───── Stored data

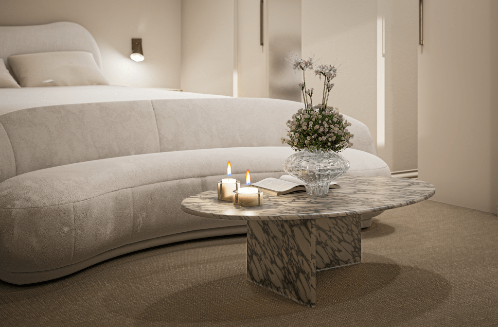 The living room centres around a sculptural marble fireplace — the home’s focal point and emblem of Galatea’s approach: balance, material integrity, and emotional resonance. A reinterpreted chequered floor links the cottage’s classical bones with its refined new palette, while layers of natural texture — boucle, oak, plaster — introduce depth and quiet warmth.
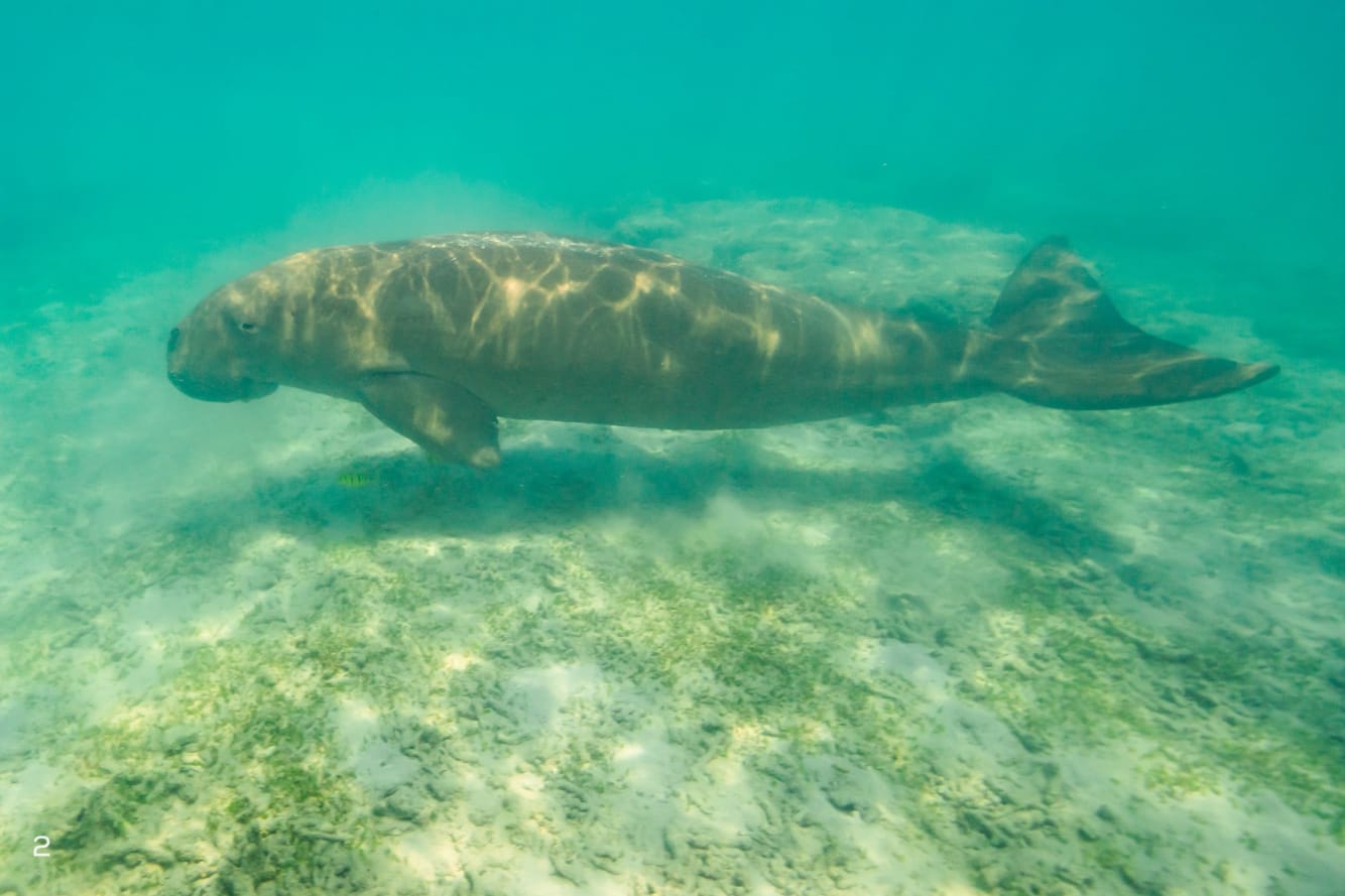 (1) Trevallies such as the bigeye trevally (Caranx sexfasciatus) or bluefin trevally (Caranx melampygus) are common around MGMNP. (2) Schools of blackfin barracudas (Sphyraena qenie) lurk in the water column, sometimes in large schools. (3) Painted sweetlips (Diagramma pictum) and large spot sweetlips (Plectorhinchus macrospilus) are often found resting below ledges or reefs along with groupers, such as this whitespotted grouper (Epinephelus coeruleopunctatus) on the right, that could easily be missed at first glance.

──────────
───── Stored data

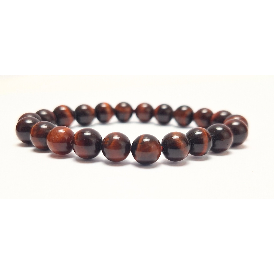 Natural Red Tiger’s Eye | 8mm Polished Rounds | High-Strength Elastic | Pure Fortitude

──────────
───── Stored data

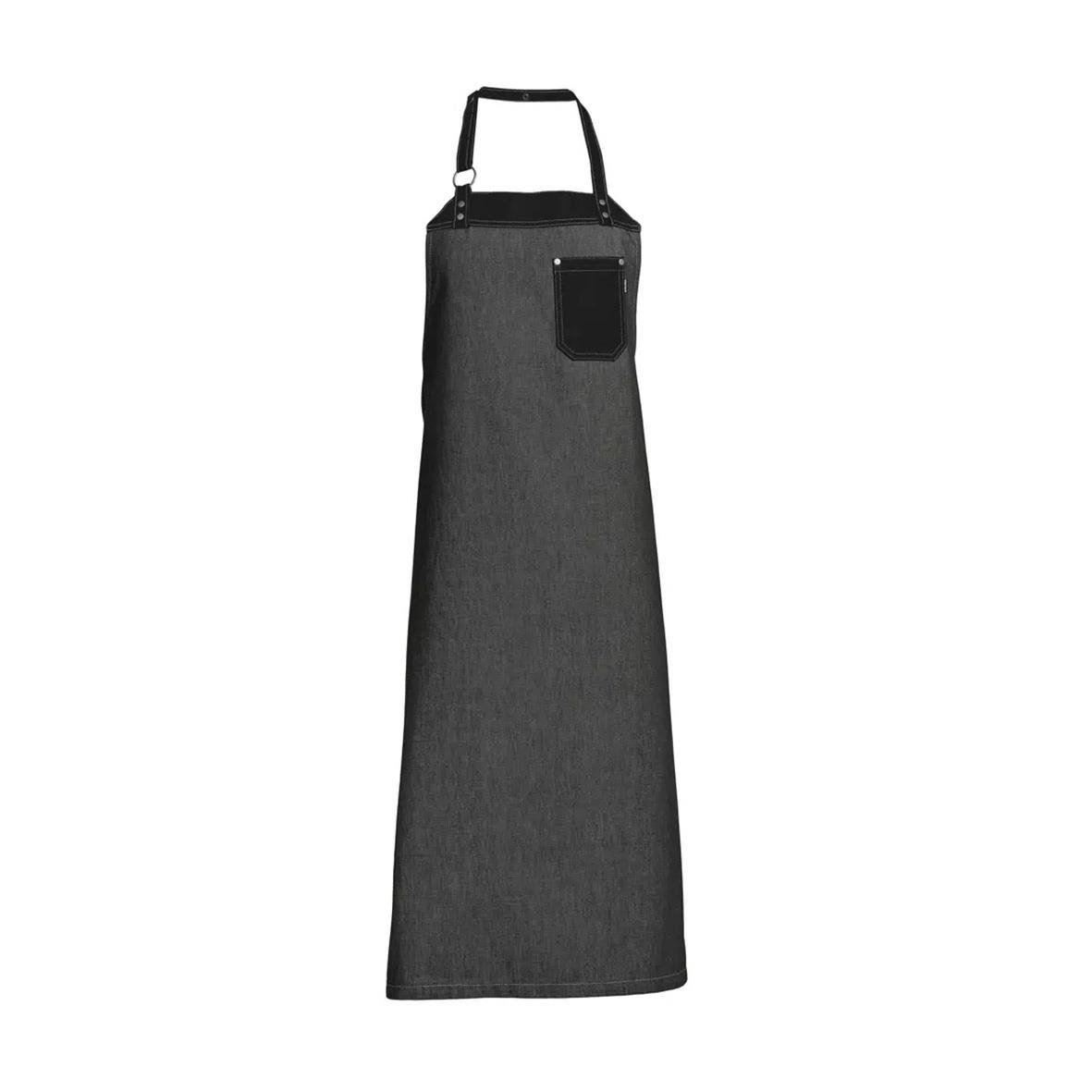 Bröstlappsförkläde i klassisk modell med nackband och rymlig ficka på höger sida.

──────────

Your task: Exactly as written above, retype the lines starting at the one holding "The living room" and ending at the one holding "(1) Trevallies such", both included, but not the pictures.

Task result:
 The living room centres around a sculptural marble fireplace — the home’s focal point and emblem of Galatea’s approach: balance, material integrity, and emotional resonance. A reinterpreted chequered floor links the cottage’s classical bones with its refined new palette, while layers of natural texture — boucle, oak, plaster — introduce depth and quiet warmth.
 (1) Trevallies such as the bigeye trevally (Caranx sexfasciatus) or bluefin trevally (Caranx melampygus) are common around MGMNP. (2) Schools of blackfin barracudas (Sphyraena qenie) lurk in the water column, sometimes in large schools. (3) Painted sweetlips (Diagramma pictum) and large spot sweetlips (Plectorhinchus macrospilus) are often found resting below ledges or reefs along with groupers, such as this whitespotted grouper (Epinephelus coeruleopunctatus) on the right, that could easily be missed at first glance.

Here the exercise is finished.